Apr 9, 2012

NWAACC's run and gun may face hardships

Sam McCloud, of Clackamas CC, led the
NWAACC in assists, steals, turnovers
and average minutes with 34 per game.
NWAACC Basketball

Now several weeks removed from the 2012 NWAACC basketball championships, the added distance provides some interesting perspective. Things played out mostly as expected on the women's side, but the men turned everything upside down, with two No. 1 seeds falling on the first day of the tournament. The biggest thing though, was the tournament confirmed one of the most well known phrases in sports: Defense Wins Championships. 

Spurred by the comments from several coaches and the failure of the high scoring teams to take home the title, I began to wonder what the chances were of a fast paced squad winning a championship with the current format. Looking at pure results, the men's team that won, Tacoma, finished 6th in scoring with 85 ppg. The women's champion, Columbia Basin, finished 12th with 68. Those numbers are far below the high-flying teams that led the league in scoring. 

The Shoreline men, famous for their adaption of "the system" or "run and gun" basketball, scored well over 100 points per game. They led the league in assists (19 apg), rebounds (54 rpg) and turnovers, and were second in steals (12.61 spg). Similarly on the women's side of things, Clackamas led the NWAACC in scoring (78 ppg) and steals (15.86 spg) and were a close second in assists (16.83 apg). Both teams played all out every game, especially Clackamas, who pressed on defense on almost every possession. 

Avery Scharer of Shoreline CC led the NWAACC
 with 9.74 assists per game, nearly four more than
the next player behind him.
Throughout the tournament, every time I ran in to Shoreline strength and conditioning coach Joe Cairo we got to talking about how Shoreline's breakneck pace was the way basketball was designed to be. And to their credit, they accomplished their goal very, very well. Their offense was difficult to stop, and they put up a lot of numbers. 

"I think we were getting stronger as the tournament went on because we were in our comfort zone and everyone else was holding on for dear life," said Cairo. "Remember, we were a deep team. We played the full 12 and our bench wreaked havoc.

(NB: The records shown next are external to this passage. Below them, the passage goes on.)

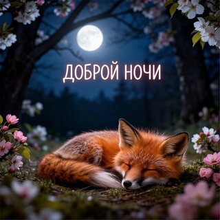 Красивая и уютная открытка с надписью «Доброй ночи» на фоне ночного леса. В центре композиции — милый спящий рыжий лисенок, уютно свернувшийся в клубок среди цветущих сакур под светом полной луны. Атмосферное изображение передает спокойствие, нежность и магию ночного сада. Идеально подходит для отправки в мессенджерах и соцсетях, чтобы пожелать приятных снов друзьям и близким.
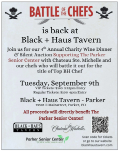 « All Events This event has passed. Battle of the Chefs September 9 @ 5:00 pm « Coffee Chat Tuesday Animals Around the Rock Series – Batty About Castle Rock » Add to calendar Google Calendar iCalendar Outlook 365 Outlook Live Details Date: September 9 Time: 5:00 pm Event Categories: CO, Douglas County, Food & Tasting, Fundraiser, Parker Event Tags:Battle of the Chefs Fundraiser at Black + Haus Tavern, Battle of the Chefs at Black + Haus Tavern, Battle of the Chefs in Parker, Parker Senior Center Events, Parker Senior Center Fundraiser Website: https://www.blackhaustavern.com/events/4th-annual-charity-wine-dinner-benefitting-the-parker-senior-center Venue Black + Haus Tavern 19501 Mainstreet #100 Parker, CO 80138 + Google Map Related Events Tree Lighting Celebration December 5 @ 5:00 pm - 7:00 pm BRE Winter Wonderland Market December 6 @ 10:00 am - 3:00 pm Santa in the Pines December 6 @ 11:00 am - 2:00 pm
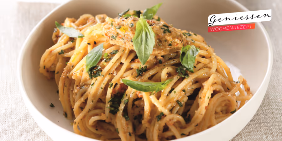 Annemarie: Die Grundzutaten für den Originalpesto aus Genua bestehen aus Basilikum, Knoblauch und Olivenöl. Alles Übrige kann man nach Lust und Laune dazu kombinieren. Also kann man zum Beispiel die Baumnusskerne durch Mandeln oder Haselnüsse austauschen oder die Dörrtomaten durch Oliven ersetzen.
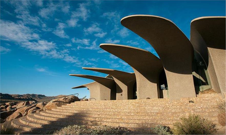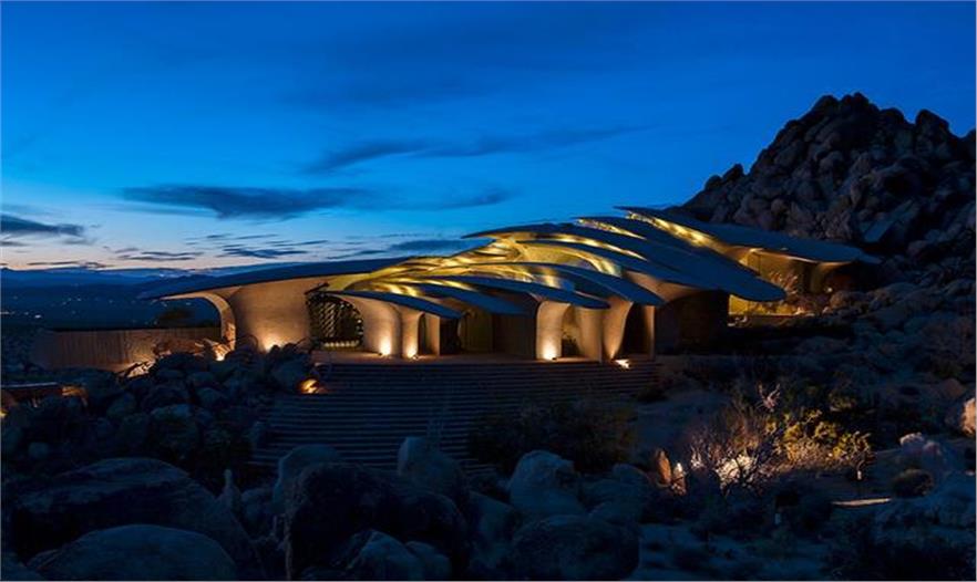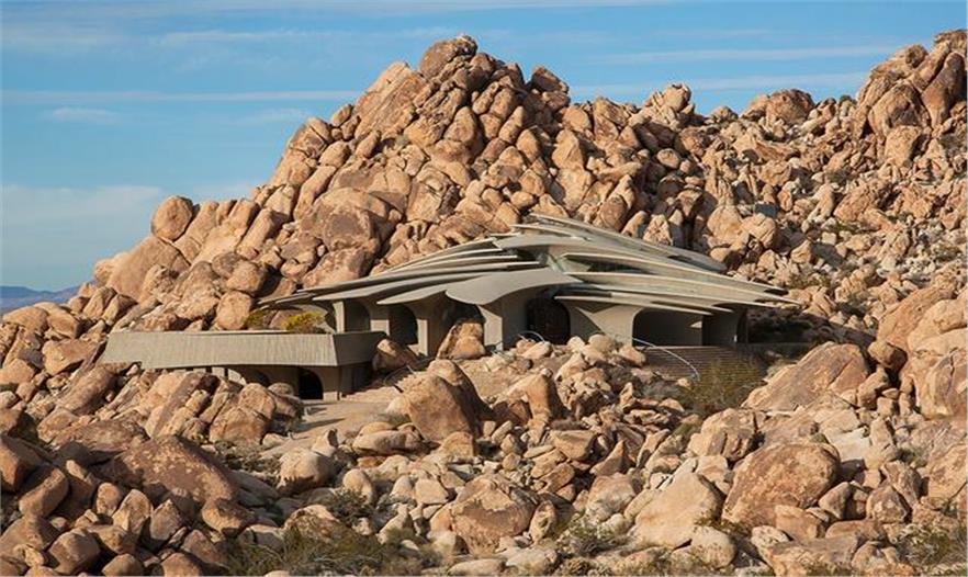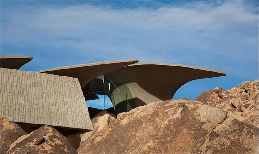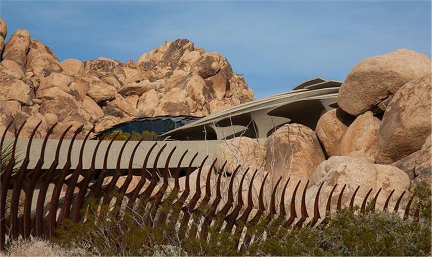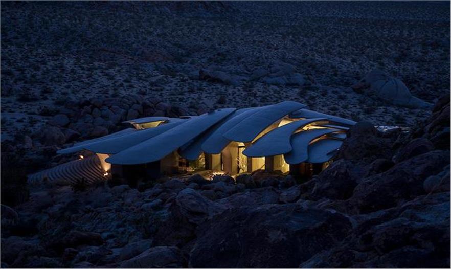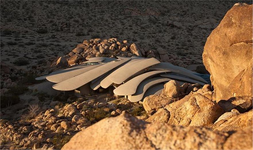 這座住宅名為Organic Modern Estate (有機(jī)現(xiàn)代莊園)。占地約10英畝,由美國(guó)當(dāng)代藝術(shù)家Doolittle夫婦委托建筑師Kendrick Bangs Kellogg設(shè)計(jì)。建筑由一片片的混凝土花瓣堆疊而成,這也是Kendrick Bangs Kellogg慣用的手法之一,與周圍寂靜蕭條的巖石和荒漠融為一體。內(nèi)部延續(xù)了外面的風(fēng)格,混凝土、石頭、玻璃與金屬等元素的組合搭配就像置身在一個(gè)現(xiàn)代化巖洞中,家具的形態(tài)與整個(gè)建筑協(xié)調(diào)一致。
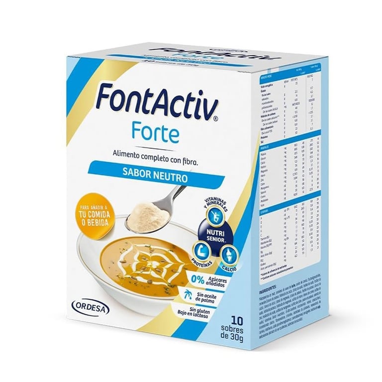 FontActive Forte Neutro es una complemento dietético completo en polvo con fibra, 13 vitaminas y 13 minerales. FontActive Forte Neutro aporta un perfil equilibrado de los macro y micronutrientes esenciales para la correcta salud. Todas sus presentaciones son sin gluten y sin lactosa, siendo aptas para intolerantes a la lactosa y celíacos.
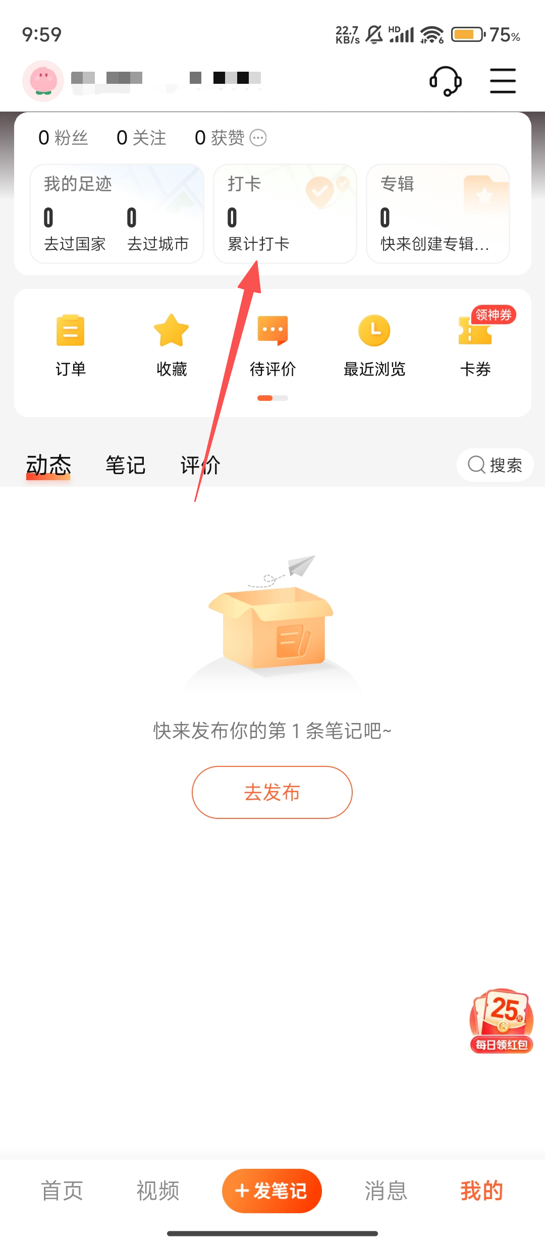 1、我们进入【我的】页面后,点击【打卡】模块里的【累计打卡】,就能进入打卡操作界面啦。
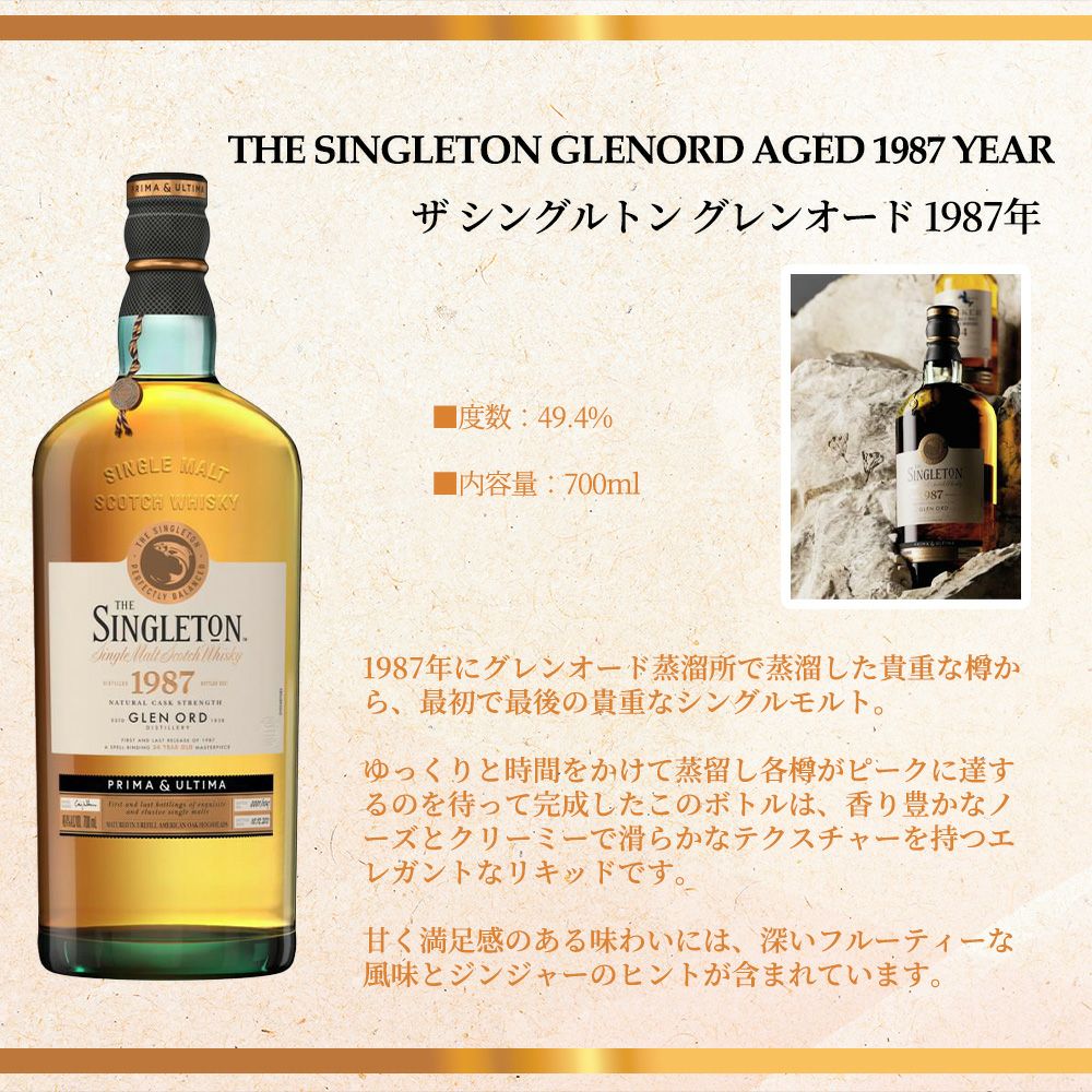 他の画像を見る 【送料無料】【正規品 箱入】ザ シングルトン グレンオード 1987年 シングル モルト スコッチ ウイスキー 700ml 49.4%THE SINGLETON GLENORD AGED 1987 YEAR SINGLE MALT SCOTCH ウイスキー 当店特別価格 ¥ 204,004 税込 カートに入れる お気に入りに登録する
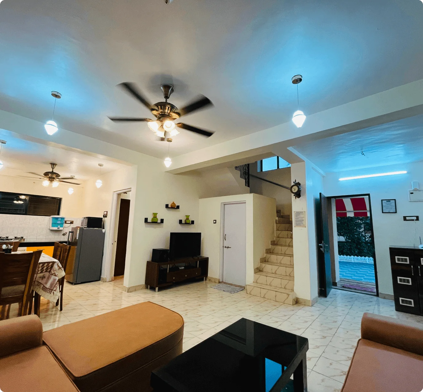 A fully-equipped kitchen is available for meal prep, with an on-site caretaker offering housekeeping and meal services (extra charges). Located 13 minutes from Lonavala’s main market, food delivery is also available.
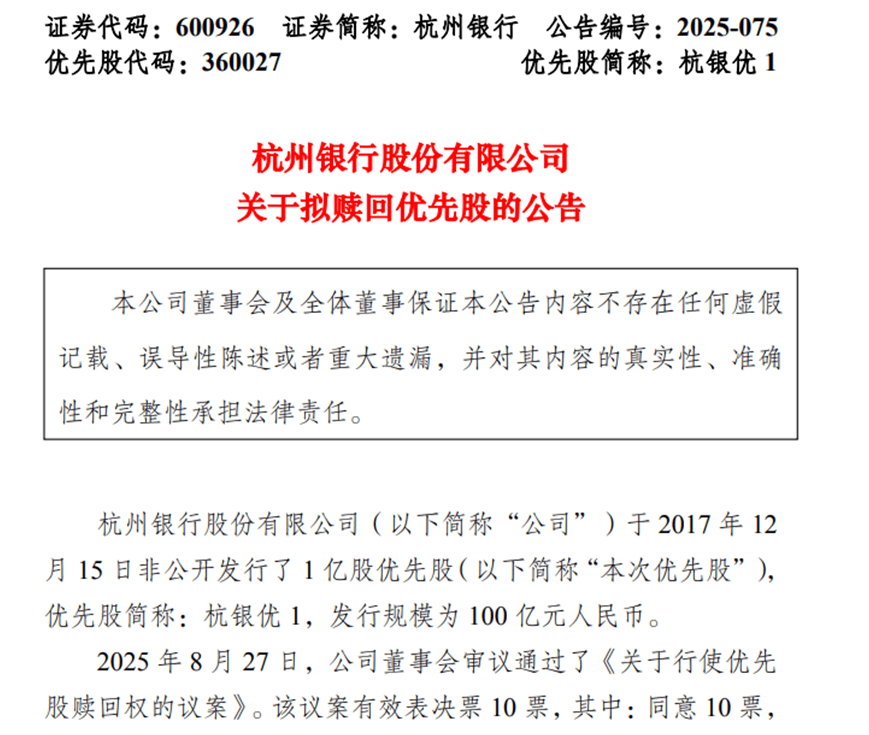 此前宁波银行发布公告称,拟于2025年11月7日全额赎回1亿股非公开发行优先股,赎回规模达人民币100亿元。该优先股每股面值100元,代码为“140007”,简称“宁行优02”。

That's the thing about 'The System,' everyone has the green light." 

Shoreline Men
7th Place
101.58 Points
1st NWAACC
19.16 Assists
1st NWAACC
12.61 Steals
2nd NWAACC
582 Turnovers
1st NWAACC
However, despite the flashy numbers, neither team finished higher than 5th place. Shoreline had their lowest scoring stretch of the entire season, averaging more than 10 points lower than their seasonal average. They won three out of their four games at the tournament to take 7th place, but lost in the first round and failed to reach 100 points in any of their match ups. We never got to see what they could do when facing teams still fighting for a trip to the finals, something that completely changes the game plan.

Clackamas Women
5th Place
77.76 Points
1st NWAACC
16.83 Assists
2nd NWAACC
15.86 Steals
1st NWAACC
614 Turnovers
5th NWAACC
For Clackamas, they finished right around their seasonal point average, but you could tell by the end of the tournament that they were tired. Sam McCloud and Jenny Johnson, the two major ball handlers, combined for 13 turnovers and 78 minutes in the second round loss to Columbia Basin, a team that played at a much slower and more deliberate pace. Clackamas was a team obviously built for speed, and one that according to head coach Jim Martineau "doesn't take jump shots." Their offensive prowess combined with their defensive and pressing ability might have made for a winning combination, but they simply weren't deep enough due to injuries to make it work. 

The four games in four days presents an extremely difficult challenge for any team, but especially those like Clackamas and Shoreline that play at a breakneck speed every time they step on the court. The current set up allows no time for recuperation and rest, meaning that such teams have no time to rebuild their strength and stamina. 

"I think a team could (win a championship) with good depth," said Carl Howell, coach of the champion Tacoma Community College Titans, "but usually in the post season you have to be able to win in the half court."   

Clackamas men's coach Clif Wegner agreed with Howell, saying that he didn't believe it was possible for a running team to win a title with the current setup. In order for that to happen, the NWAACC would have to space the games out more to allow the bumps, bruises and soreness to subside slightly before the next game. 

I tend to agree. Having watched each team play, and as much as I enjoy watching the teams that score at will, it was the groups that played in control and could either speed up OR slow down that had success. I agree with Cairo when he says that basketball was meant to be fast paced, but as it's evolved over time, history has shown that the best teams play with versatility. They can save some of their energy for the next game. They can dictate the pace. They can shut teams down with defense, rather than just get in the passing lanes. 

In short, it really is true. Defense really does win championships.

2 comments:

  1. Excellent article! Easy to read, factual information presented, and Mr. Howard's knowledge of the game of basketball is clearly apparent after reading his article. I will continue reading his articles over the likes of other in the Puget Sound mainstream sports media which rarely, if ever, cover NWAACC atheltics!